В 1910 году, когда умер Л.Н. Толстой, он откликнулся на это событие специальной статьей. И вот что там у него об этом говорилось:
Либералы выдвигают на первый план, что Толстой — «великая совесть». Разве это не пустая фраза?..
Слово «совесть» Ильича явно раздражало. В его концепцию «классовой морали» оно не укладывалось.
И это не только в теории. В жизни — во всяком случае, в партийной и государственной своей деятельности — он тоже освободил себя и своих соратников от этой химеры.

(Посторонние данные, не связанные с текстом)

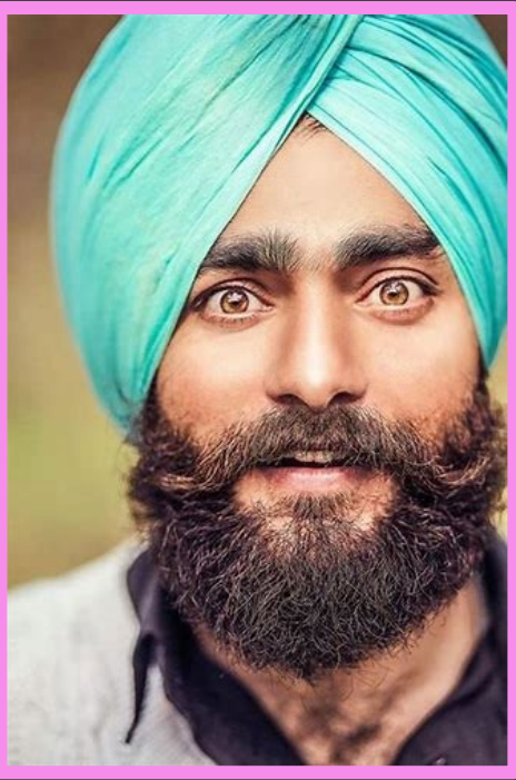
The Mystic Seer, Herbert

Вот небольшая история — как раз на эту тему. Я вычитал ее в книге русского писателя-эмигранта Романа Гуля «Я унес Россию». А автор этой книги записал ее со слов старого большевика Александра Дмитриевича Нагловского.
Было это во время одного из обычных, ничем не примечательных заседаний Совнаркома.
Обстановку и характер этих заседаний Нагловский описывает так:
— У стены стоял простой канцелярский стол, за которым сидел Ленин, рядом — его секретарша Фотиева, женщина ничем, кроме преданности вождю, не примечательная. На скамейках, стоящих перед столом Ленина, как ученики за партами, сидели народные комиссары и вызванные на заседание видные партийцы.
Такие же скамейки стояли у стен перпендикулярно по направлению к столу Ленина. На них так же тихо и скромно сидели наркомы, замнаркомы… В общем, это был класс с учителем, довольно-таки нетерпеливым, осаживающим «учеников» иногда довольно грубыми окриками, несмотря на то что «ученики» перед «учителем» трепетали и вели себя на удивление примерно.
Несколько свободнее других «учеников» вел себя Дзержинский. Он очень часто входил, молча садился и так же молча уходил среди заседания.
Вот и в этот раз, при обсуждении вопроса о снабжении продовольствием железнодорожников, в «класс» с послушными «учениками» вошел Дзержинский. Вошел и сел неподалеку от Ленина.
На заседаниях у Ленина была привычка переписываться короткими записками. В этот раз очередная записка пошла Дзержинскому:
«Сколько у нас в тюрьмах злостных контрреволюционеров?»